Генрих и Евпраксия посмотрели друг на друга.
— Тебе надо ехать немедленно. Но и я поеду с тобой, — сказала Евпраксия. — Одному тебе нельзя.
Лицо Генриха изменялось на глазах: оно становилось скорбным и суровым. Он вспомнил в сей миг не тётушку Берту, а императора. Объяснения тому он не нашёл, но Евпраксии сказал твёрдо:
— Ты останешься в замке. Мы едем с матушкой.
Сборы в дальний путь были недолгими. Вскоре дорожный дормез уже стоял у крыльца, слуги уложили в него всё нужное.

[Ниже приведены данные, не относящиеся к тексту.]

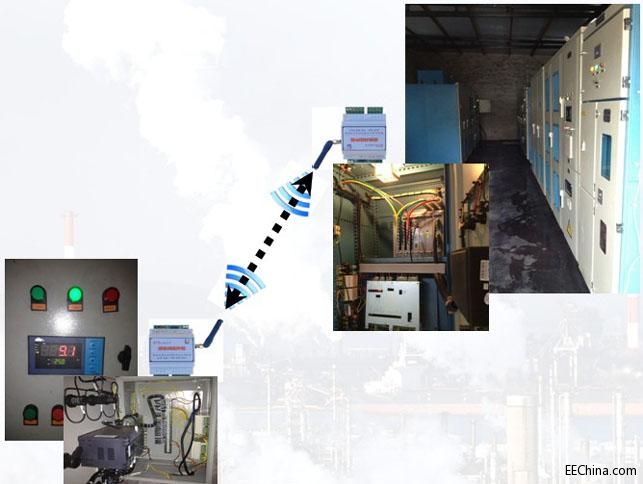 赤峰遠聯鋼廠為了控制高額的電量消耗,采用高壓變頻器技術改造其鼓風機供電系統,變頻器需要在配電室集中配電,使用控制箱在車間設定并監控變頻器調速模擬量給定值,距離大約800米。由于廠區用電設備分散,加上廠區環境比較復雜,不便于高成本的布線,因此需要對模擬量進行無線傳輸。

Евпраксия велела сложить в колесницу бобровую и соболью шубы, благословила Генриха и его мать, осталась в замке за хозяйку. Она не знала, что провожала супруга в последний путь, что через какой-то месяц овдовеет. Это пока оставалось под покровом судьбы.
Глава тринадцатая
ДВЕ УТРАТЫ
Ещё летом у императрицы Берты не было никаких признаков заболевания. Она даже ни разу не обращалась к своему лейб-медику маркизу Вальрааму. Правда, год назад она чуть было не слегла в постель от потрясения, кое испытала, выслушав всё, что в бреду выкрикивал её племянник Генрих Штаденский. Она и раньше подозревала, что орден николаитов никакое не богоугодное содружество, а сборище развратников. Но она и представить себе не могла, чтобы многие молодые именитые вельможи так низко пали в извращениях, что превратились в сатанинское стадо. Как она страдала за опозоренного племянника! Как она переживала за своих сыновей Конрада и Генриха-младшего, чтобы, не приведи господь, и они угодили в сатанинские руки николаитов. Она боготворила своих сыновей, особенно старшего, Конрада, свободного духом, сердечного и мягкого юношу. Однако императрице не следовало так волноваться за судьбы своих сыновей. К тому времени они лучше её знали истинный нрав своего отца и всё то, чем занимались николаиты. Знали братья и то, что он никогда не любил их и даже не общался с ними. Едва повзрослев, Конрад и Генрих сами стали избегать отца и годами жили у тётушек и дядюшек по материнской линии. И беспокойство матери улетучивалось, зная, что её сыновья под надёжной защитой благочестивых родственников. А вот судьба племянника беспокоила её с того самого дня, когда император призвал его к себе на службу. И потрясение, какое она испытала, выслушав беспамятную исповедь «ангелочка», вошло в сердце Берты незаживающей раной.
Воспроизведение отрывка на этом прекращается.